TASK DIRECTIONS → Begin at the top of the records below and return each line exactly through the line with "The blower motor". Skip pictures.

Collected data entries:
************

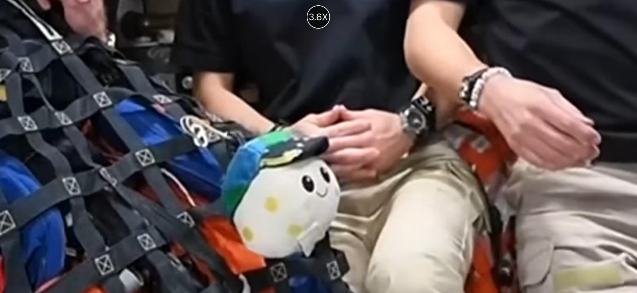 The zero-gravity indicator, a plushie designed by an eight year old, is called Rise, because he was inspired by the original earthrise image. He’s just happy to be along for the ride.
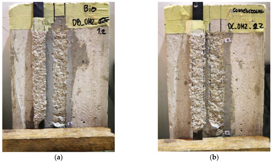 An overall similar behavior was also observed in the failure modes of specimens comprising both types of laminates; as shown in Figure 6, a cohesive failure within the superficial layer of the concrete was observed along the bonded length of both bio-based and conventional CFRP laminates. Future research is needed to assess/compare further the bond behavior of the bio-based laminates, in which different failure modes can occur (e.g., using higher concrete grades might impose interfacial debonding failures, given the slightly lower ILSS of the bio-based laminates, which can have a non-negligible impact on bond strength).
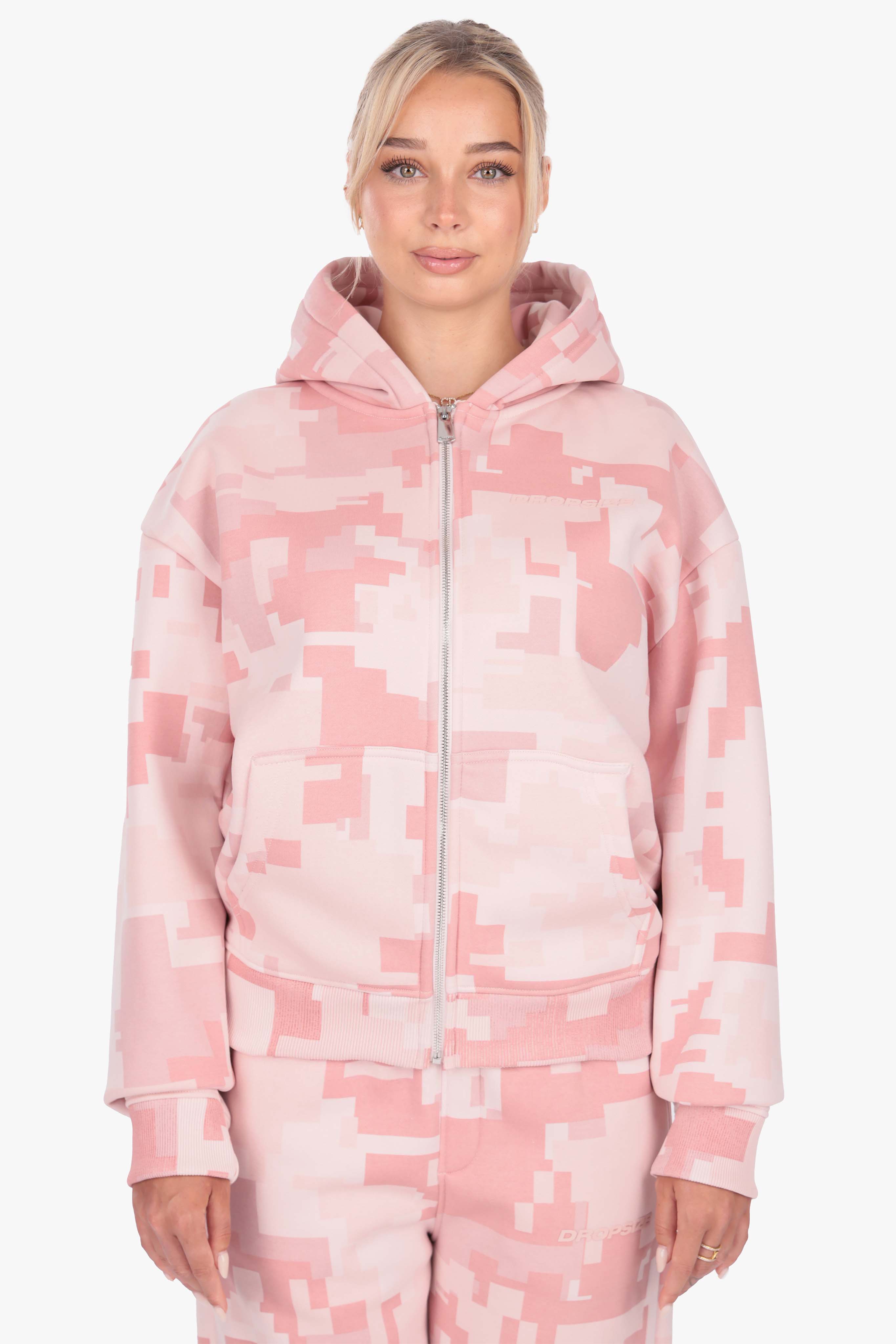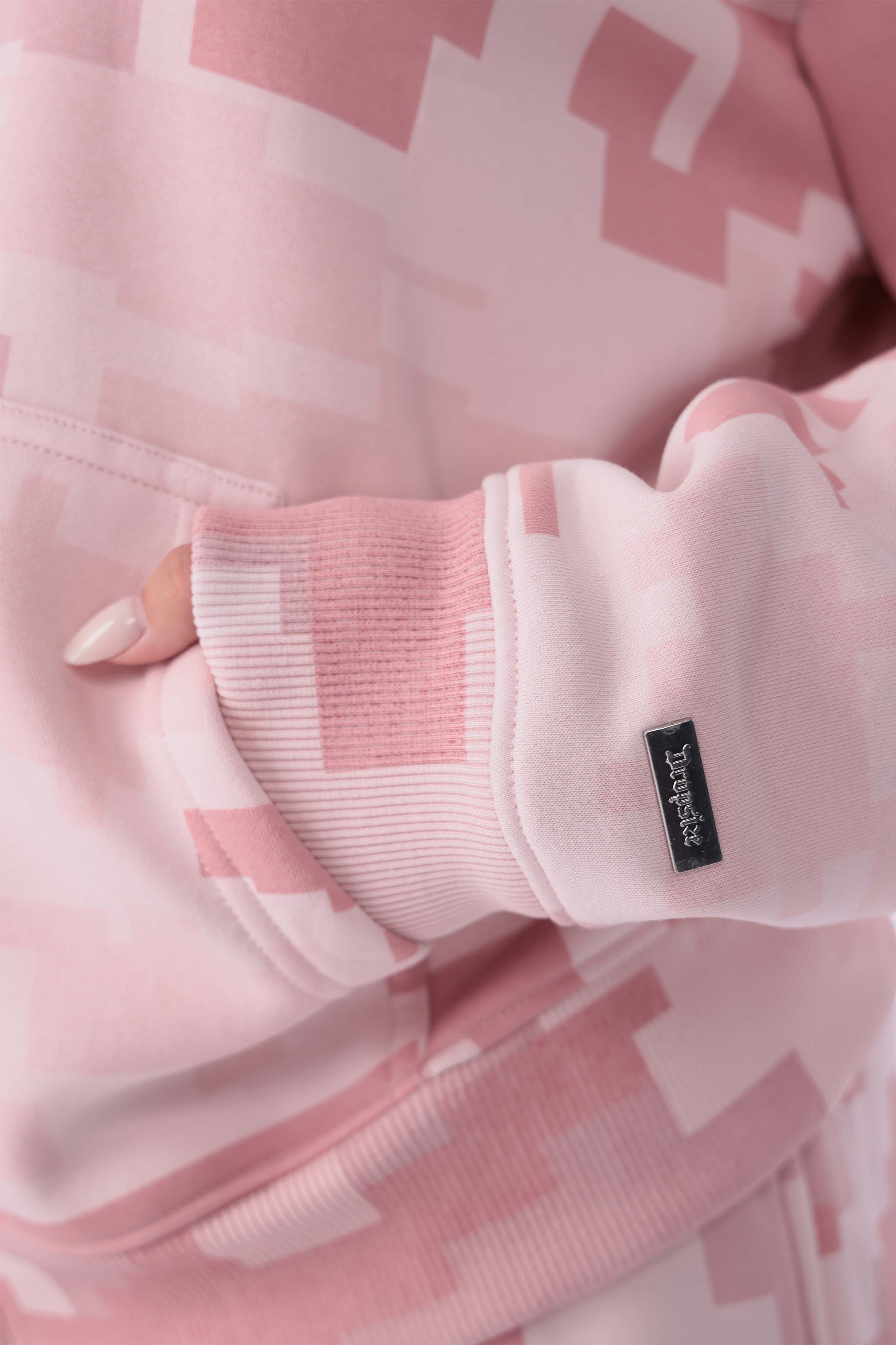 WOMENS PINK CAMO ZIP HOODIE ACID WASH
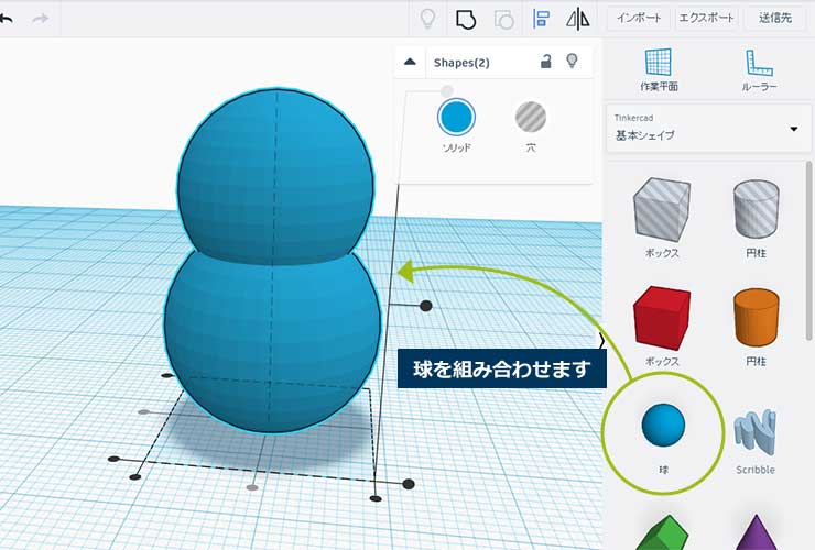 まずは球体をふたつ組み合わせ合体させます。
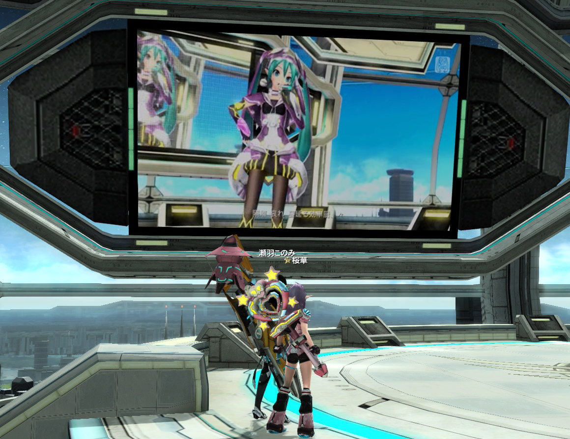 PSO2のシップ内ロビーのスクリーンにはミクさんがでかでかと映っていました。
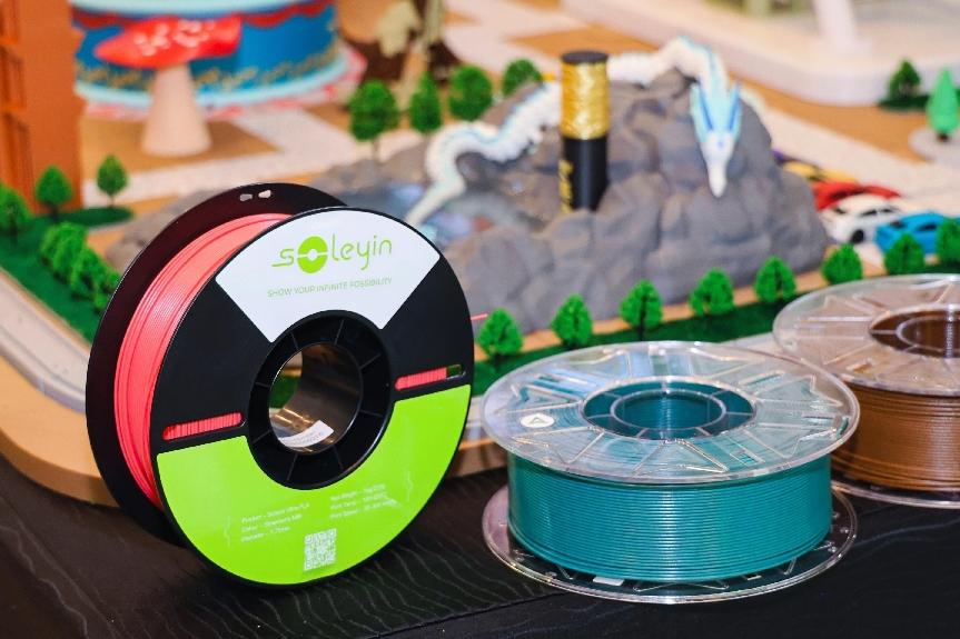 在耗材方面,创想生态推出Soleyin线材,以190-220°C通用打印温度适配所有机型,无需参数调整即可实现PLA、ABS、PETG等多场景应用。ColorMax、FlexPro、UltraCore三大系列支持渐变色、高速打印与环保特性,让“一款耗材搞定所有打印”成为现实。
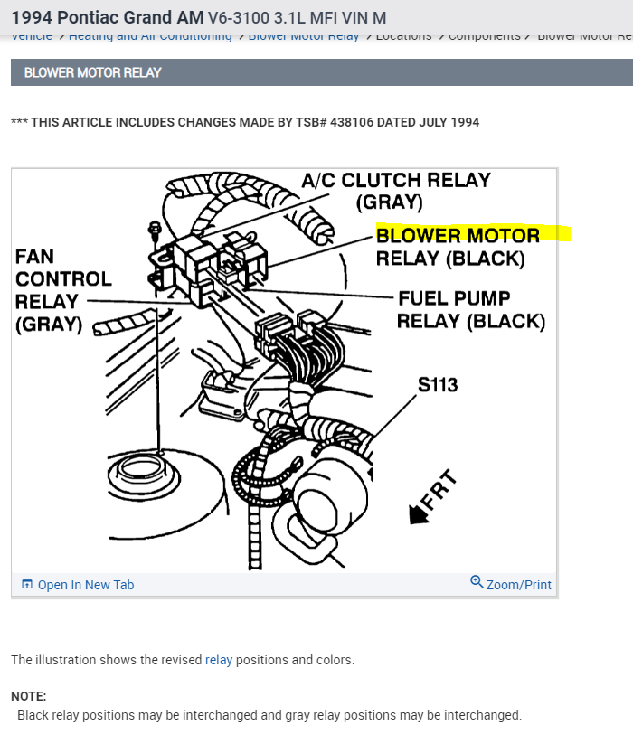 The blower motor relay is located under the hood (see diagram).
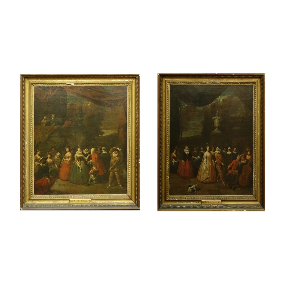 Jan Josef Horemans the Elder, Flemish (1682 - 1759) Pair of Oil on Canvas Paintings "Interior Scenes: Musicians and Comedians Before Elegant Spectators" Each with Signatures Associated on Frame. Includes an Original Sotheby's Auction appraisal executed by Lark E. Mason, Jr. Remnants of an old label attached en verso. Measures 23" H x 19-3/4" W, frame measures 27-3/4" H x 24" W. Condition: Darkening to paint, craquelure otherwise good condition Estimate: $4000.00 - $6000.00 Domestic Shipping: Third party
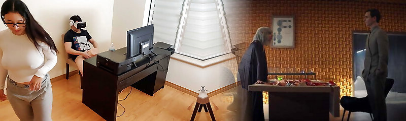 Super-fucking-hot stepmother masturbates next to her son-in-law while he watches porn with virtual reality glasses
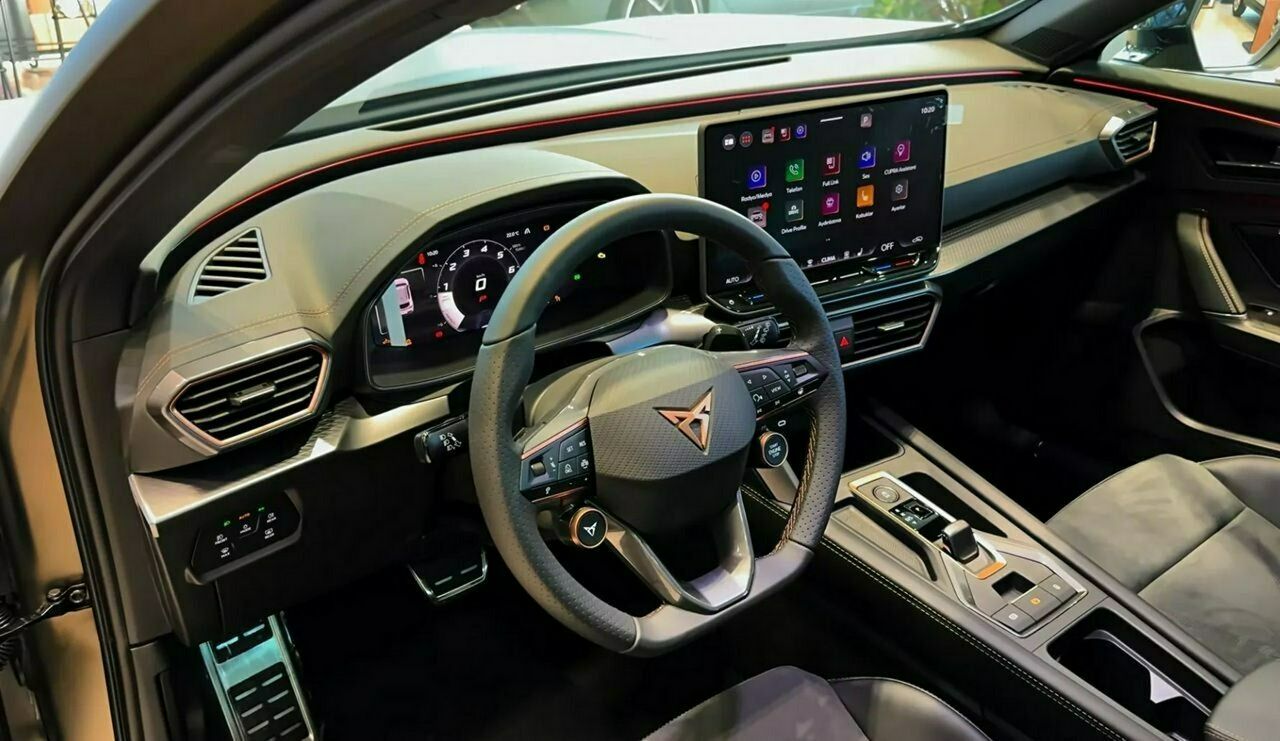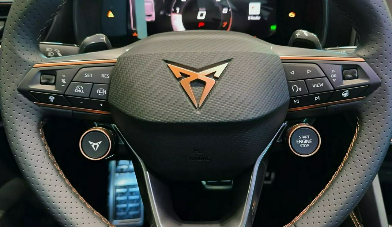 • Sportowa, podgrzewana kierownica wielofunkcyjna obszyta skórą z przyciskiem trybu Cupra i przyciskiem uruchamiania silnika

************

ANSWER TO THE EXERCISE →
 The zero-gravity indicator, a plushie designed by an eight year old, is called Rise, because he was inspired by the original earthrise image. He’s just happy to be along for the ride.
 An overall similar behavior was also observed in the failure modes of specimens comprising both types of laminates; as shown in Figure 6, a cohesive failure within the superficial layer of the concrete was observed along the bonded length of both bio-based and conventional CFRP laminates. Future research is needed to assess/compare further the bond behavior of the bio-based laminates, in which different failure modes can occur (e.g., using higher concrete grades might impose interfacial debonding failures, given the slightly lower ILSS of the bio-based laminates, which can have a non-negligible impact on bond strength).
 WOMENS PINK CAMO ZIP HOODIE ACID WASH
 まずは球体をふたつ組み合わせ合体させます。
 PSO2のシップ内ロビーのスクリーンにはミクさんがでかでかと映っていました。
 在耗材方面,创想生态推出Soleyin线材,以190-220°C通用打印温度适配所有机型,无需参数调整即可实现PLA、ABS、PETG等多场景应用。ColorMax、FlexPro、UltraCore三大系列支持渐变色、高速打印与环保特性,让“一款耗材搞定所有打印”成为现实。
 The blower motor relay is located under the hood (see diagram).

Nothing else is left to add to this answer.